Johan Åberg (born 17 April 1972) is a Swedish music producer, songwriter, and manager. In the late 1990s and early 2000s, he wrote and produced several international hit songs with artists like Christina Aguilera ("Come on Over Baby") and Cher ("A Different Kind of Love Song"). Aside from writing and producing music he was also the manager of, among others, Swedish singer/songwriter Ulrik Munther. Ulrik placed third in the Swedish qualifier for the Eurovision Song Contest, Melodifestivalen 2012, with the song "Soldiers" which Åberg co-wrote and co-produced.

==Musical career==
Åberg grew up in the northern Stockholm suburb Stocksund and started his musical career as a guitarist in rock bands as a teenager. He attended music high school (gymnasium) at Södra Latin and later studied fine arts at Konstskolan and Konstskolan Basis in Stockholm.

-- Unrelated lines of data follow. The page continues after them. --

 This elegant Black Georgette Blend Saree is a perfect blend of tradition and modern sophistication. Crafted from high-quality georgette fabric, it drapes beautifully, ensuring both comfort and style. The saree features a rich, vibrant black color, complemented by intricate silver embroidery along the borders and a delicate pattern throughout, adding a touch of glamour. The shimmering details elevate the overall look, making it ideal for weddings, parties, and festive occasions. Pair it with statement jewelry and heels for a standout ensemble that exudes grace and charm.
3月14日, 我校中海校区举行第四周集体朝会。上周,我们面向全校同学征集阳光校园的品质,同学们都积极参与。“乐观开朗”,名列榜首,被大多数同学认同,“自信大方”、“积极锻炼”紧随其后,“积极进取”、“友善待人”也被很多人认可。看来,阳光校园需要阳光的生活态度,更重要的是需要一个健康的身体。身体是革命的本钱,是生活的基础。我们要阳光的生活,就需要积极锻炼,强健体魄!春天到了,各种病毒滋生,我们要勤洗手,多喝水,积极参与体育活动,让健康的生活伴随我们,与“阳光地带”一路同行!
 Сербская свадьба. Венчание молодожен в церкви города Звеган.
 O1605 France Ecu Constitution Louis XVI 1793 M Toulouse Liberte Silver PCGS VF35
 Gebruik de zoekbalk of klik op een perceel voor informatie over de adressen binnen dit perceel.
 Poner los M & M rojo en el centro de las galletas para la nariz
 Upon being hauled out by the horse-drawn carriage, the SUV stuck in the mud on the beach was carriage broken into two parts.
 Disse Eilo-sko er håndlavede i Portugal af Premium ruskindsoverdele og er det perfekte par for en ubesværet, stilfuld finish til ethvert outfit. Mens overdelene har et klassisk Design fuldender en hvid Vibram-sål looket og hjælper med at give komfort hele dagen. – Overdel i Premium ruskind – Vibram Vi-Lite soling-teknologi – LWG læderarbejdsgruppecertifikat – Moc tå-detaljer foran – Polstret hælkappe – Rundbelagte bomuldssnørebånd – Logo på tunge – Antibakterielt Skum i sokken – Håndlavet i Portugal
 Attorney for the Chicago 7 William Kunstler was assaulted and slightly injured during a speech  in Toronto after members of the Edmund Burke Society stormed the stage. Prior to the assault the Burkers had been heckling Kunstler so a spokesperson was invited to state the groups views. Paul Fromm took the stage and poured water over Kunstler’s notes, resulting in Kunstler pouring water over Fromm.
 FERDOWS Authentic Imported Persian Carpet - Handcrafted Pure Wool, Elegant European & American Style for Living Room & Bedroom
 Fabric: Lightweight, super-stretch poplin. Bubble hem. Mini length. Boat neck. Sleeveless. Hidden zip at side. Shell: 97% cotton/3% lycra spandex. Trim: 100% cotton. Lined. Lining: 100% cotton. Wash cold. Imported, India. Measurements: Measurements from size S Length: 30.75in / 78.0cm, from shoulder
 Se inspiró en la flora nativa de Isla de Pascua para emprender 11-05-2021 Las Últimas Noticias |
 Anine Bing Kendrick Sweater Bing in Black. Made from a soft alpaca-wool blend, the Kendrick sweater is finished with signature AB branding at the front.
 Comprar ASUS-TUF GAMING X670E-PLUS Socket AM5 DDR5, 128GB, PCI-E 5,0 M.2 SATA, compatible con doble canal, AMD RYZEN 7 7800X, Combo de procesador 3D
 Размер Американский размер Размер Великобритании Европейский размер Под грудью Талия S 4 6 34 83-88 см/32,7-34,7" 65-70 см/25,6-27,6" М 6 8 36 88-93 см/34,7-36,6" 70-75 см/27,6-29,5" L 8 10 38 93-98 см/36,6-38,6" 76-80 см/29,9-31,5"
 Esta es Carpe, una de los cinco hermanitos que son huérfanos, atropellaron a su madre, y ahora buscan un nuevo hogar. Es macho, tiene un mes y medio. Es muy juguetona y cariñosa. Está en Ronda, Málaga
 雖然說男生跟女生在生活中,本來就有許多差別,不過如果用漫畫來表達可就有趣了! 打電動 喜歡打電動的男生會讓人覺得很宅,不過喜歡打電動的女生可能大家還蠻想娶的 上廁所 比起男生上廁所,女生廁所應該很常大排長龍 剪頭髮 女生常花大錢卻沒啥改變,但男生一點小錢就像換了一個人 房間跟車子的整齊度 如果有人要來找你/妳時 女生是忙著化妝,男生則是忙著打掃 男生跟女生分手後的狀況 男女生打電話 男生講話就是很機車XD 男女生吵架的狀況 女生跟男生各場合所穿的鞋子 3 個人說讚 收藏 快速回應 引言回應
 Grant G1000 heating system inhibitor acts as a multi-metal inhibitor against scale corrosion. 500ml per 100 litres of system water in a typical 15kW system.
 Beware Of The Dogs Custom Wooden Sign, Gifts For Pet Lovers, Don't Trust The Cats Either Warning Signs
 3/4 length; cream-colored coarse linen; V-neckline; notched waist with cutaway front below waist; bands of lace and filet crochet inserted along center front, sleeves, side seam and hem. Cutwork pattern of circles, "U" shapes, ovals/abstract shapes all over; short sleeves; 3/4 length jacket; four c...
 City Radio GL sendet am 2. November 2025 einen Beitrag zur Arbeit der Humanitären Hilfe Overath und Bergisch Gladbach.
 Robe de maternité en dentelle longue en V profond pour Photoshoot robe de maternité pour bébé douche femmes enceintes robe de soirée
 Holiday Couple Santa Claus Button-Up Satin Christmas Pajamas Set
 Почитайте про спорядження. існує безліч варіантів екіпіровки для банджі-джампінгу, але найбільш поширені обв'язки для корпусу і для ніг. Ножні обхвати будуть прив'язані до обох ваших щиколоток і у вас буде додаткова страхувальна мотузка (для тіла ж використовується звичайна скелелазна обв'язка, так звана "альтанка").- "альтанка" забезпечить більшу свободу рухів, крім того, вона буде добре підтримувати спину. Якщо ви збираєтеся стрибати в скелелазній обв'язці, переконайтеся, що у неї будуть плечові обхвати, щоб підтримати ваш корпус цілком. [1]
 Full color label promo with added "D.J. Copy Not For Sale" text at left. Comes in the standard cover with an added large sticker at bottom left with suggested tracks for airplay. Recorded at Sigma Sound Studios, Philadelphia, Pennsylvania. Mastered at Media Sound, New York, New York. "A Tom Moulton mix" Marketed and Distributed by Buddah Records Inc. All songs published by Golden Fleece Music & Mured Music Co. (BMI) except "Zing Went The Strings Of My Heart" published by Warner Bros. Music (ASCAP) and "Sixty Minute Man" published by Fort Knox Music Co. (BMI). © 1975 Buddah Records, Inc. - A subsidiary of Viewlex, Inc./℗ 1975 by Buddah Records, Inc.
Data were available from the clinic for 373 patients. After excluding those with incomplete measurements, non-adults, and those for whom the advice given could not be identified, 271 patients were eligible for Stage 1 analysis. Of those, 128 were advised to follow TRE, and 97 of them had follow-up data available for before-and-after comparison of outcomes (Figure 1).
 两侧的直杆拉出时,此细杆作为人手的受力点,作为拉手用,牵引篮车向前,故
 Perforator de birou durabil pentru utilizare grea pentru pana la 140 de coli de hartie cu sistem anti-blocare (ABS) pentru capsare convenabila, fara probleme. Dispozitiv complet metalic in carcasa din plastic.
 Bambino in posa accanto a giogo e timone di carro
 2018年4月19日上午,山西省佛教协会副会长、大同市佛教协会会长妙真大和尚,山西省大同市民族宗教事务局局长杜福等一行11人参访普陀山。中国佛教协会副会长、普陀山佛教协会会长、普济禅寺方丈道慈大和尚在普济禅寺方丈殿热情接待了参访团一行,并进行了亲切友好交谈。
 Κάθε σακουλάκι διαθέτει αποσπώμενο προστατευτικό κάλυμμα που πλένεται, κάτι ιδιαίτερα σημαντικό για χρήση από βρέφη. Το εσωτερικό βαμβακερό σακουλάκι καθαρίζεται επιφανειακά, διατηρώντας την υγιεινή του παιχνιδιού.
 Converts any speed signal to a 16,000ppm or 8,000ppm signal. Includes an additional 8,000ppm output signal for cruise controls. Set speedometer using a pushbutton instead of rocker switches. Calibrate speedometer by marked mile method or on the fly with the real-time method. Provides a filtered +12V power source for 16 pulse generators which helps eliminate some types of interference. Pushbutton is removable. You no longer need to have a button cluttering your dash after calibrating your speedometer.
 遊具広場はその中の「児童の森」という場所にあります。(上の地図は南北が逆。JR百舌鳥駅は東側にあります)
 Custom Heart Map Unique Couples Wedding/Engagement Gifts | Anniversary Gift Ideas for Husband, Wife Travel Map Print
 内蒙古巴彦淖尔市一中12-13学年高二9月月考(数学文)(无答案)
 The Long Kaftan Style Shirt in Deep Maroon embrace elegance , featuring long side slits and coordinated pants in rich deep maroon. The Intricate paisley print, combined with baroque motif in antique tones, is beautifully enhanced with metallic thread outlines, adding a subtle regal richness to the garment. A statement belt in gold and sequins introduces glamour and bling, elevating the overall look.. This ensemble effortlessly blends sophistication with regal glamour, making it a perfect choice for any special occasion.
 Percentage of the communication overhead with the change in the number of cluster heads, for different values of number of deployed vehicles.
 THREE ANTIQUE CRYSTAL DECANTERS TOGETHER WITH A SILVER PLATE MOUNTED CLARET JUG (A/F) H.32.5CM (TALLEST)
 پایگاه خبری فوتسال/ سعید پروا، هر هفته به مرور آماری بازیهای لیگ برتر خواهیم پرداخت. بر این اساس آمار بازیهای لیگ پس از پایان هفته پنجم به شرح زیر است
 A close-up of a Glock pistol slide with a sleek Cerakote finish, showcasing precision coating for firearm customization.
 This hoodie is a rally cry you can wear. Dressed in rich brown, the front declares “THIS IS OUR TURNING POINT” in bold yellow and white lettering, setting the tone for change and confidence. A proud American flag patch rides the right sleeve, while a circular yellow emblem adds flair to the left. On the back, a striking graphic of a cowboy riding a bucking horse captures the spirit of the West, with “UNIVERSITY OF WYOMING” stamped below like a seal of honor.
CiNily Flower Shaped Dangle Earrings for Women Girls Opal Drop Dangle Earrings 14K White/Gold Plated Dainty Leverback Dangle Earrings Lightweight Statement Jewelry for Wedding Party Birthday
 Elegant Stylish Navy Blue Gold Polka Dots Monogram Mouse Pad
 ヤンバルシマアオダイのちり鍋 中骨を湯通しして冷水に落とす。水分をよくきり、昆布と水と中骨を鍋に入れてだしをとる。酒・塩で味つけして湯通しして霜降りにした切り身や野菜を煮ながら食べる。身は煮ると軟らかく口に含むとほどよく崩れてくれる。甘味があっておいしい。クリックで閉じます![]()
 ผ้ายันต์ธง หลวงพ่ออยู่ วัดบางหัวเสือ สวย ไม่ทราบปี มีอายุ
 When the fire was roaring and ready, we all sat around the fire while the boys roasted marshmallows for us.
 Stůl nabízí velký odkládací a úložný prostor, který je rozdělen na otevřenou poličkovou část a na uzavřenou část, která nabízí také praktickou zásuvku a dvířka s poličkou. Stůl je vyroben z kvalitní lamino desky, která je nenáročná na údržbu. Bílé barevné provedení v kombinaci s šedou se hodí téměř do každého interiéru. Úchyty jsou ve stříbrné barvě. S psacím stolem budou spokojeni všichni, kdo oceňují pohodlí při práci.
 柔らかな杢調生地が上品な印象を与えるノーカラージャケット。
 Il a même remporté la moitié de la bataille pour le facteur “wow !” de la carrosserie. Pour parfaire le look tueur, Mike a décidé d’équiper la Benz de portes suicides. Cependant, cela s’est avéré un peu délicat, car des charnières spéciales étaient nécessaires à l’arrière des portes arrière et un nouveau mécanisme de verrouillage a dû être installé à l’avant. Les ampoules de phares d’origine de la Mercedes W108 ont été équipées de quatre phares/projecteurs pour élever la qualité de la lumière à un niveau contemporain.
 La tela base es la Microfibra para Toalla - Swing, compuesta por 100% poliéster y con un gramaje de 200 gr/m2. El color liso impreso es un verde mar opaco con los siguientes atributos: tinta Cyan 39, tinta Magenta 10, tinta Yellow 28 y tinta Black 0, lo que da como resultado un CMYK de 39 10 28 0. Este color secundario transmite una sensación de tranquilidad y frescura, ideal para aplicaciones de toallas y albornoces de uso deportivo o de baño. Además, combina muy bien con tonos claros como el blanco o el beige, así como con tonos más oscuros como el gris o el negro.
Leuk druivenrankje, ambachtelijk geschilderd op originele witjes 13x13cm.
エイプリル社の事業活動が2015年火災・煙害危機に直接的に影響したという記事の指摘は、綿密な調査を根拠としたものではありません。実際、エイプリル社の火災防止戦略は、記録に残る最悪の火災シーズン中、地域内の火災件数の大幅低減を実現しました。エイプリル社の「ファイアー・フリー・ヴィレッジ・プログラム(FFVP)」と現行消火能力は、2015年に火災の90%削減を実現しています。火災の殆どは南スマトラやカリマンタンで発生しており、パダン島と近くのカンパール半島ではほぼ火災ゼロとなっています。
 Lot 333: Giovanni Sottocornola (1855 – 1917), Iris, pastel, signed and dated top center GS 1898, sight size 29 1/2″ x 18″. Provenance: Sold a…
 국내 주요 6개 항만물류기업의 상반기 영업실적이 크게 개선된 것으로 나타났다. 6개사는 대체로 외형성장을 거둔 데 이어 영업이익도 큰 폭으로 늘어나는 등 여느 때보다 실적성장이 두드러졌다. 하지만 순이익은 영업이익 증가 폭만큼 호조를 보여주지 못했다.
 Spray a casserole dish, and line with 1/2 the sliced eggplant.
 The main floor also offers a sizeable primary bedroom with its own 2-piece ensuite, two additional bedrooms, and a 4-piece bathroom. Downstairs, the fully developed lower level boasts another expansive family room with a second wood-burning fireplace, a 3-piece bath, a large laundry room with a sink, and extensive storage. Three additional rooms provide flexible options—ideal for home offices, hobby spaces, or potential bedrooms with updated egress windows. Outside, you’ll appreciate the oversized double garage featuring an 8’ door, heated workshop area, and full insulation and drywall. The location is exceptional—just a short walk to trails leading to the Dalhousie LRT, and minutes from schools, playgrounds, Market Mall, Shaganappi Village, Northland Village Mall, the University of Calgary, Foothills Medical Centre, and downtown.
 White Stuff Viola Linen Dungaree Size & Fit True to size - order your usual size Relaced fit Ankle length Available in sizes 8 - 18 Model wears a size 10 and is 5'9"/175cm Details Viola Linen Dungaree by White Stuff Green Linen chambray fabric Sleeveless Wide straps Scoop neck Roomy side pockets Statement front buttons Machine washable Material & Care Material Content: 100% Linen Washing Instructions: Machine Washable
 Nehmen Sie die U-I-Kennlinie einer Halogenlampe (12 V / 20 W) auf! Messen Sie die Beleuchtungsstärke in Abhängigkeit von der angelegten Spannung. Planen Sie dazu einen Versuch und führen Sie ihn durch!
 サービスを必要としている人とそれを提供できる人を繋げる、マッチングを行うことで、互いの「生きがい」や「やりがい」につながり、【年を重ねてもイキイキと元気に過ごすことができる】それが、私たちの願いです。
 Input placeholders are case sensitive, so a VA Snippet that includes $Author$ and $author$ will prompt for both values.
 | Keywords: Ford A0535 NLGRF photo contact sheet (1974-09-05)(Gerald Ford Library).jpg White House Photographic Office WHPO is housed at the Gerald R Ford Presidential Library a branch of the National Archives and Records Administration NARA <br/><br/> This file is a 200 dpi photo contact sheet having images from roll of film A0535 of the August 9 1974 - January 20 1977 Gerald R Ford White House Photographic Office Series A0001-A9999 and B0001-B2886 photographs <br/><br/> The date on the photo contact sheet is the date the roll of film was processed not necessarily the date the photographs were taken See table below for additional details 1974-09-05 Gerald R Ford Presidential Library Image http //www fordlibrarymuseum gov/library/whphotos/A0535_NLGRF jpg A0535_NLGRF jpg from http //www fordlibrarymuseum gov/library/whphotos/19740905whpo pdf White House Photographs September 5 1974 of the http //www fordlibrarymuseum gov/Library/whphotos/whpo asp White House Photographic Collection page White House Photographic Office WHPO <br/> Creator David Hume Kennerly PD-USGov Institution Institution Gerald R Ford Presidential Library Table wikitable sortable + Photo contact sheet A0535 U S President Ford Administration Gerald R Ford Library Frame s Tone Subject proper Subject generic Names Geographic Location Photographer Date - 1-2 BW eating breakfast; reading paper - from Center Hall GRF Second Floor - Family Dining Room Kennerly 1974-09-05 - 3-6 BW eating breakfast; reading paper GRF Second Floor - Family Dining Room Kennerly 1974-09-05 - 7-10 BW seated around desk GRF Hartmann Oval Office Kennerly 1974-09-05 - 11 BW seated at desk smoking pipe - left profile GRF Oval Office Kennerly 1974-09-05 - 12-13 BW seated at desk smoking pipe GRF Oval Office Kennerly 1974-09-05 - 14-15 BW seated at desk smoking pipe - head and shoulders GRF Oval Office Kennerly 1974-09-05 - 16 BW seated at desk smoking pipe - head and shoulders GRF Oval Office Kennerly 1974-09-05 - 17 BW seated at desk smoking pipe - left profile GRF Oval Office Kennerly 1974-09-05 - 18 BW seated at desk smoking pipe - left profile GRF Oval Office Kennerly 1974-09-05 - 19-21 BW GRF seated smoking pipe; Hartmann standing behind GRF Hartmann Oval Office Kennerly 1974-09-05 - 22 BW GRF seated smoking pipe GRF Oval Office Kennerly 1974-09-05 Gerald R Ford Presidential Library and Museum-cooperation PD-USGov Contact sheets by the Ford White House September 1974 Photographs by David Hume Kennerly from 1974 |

Parallel to his education he left his band and started focusing more on songwriting for other artists, and started the production company Eclectic Music with Anders Hansson in 1998.

When he was paired up with the songwriter Paul Rein the two co-wrote songs that would become international hits and best-sellers with then largely unknown artists Christina Aguilera and Jessica Simpson. Come On Over Baby became the fourth single from Aguileras self-titled debut album and hit number one on the U.S. Billboard Hot 100. Billboard ranked Christina Aguilera at number 23 on the magazine's Top 200 Albums of the Decade and the album has sold over 17 million copies worldwide. They also co-wrote "I've Got My Eyes On You" which was released on Jessica Simpson's debut album Sweet Kisses that peaked at #25 on U.S. Billboard 200 and was certified 2× Platinum in the U.S.

In 2002 he co-wrote and co-produced "A Different Kind of Love Song" that was released by Cher on her 2002 album Living Proof. The song reached #1 on Billboards Hot Dance Club Songs, and as of May 2007, the album Living Proof sold 500,000 copies in the United States, according to Nielsen SoundScan. In the early 2000s he also co-wrote hit songs recorded by artists such as French girl band L5 and Chinese pop star Wei Wei.

Åberg worked as the manager of young Swedish singer/songwriter Ulrik Munther who he discovered in Lilla Melodifestivalen. Under the management of Åberg, Ulrik Munther came in second in Metro Music Challenge 2009, made a well-known cover of Lady Gaga's "Born This Way" and came third in Melodifestivalen 2012 with "Soldiers" which was also co-written and co-produced by Åberg.

==Current business==
Åberg is currently running the digital agency A26 Media AB.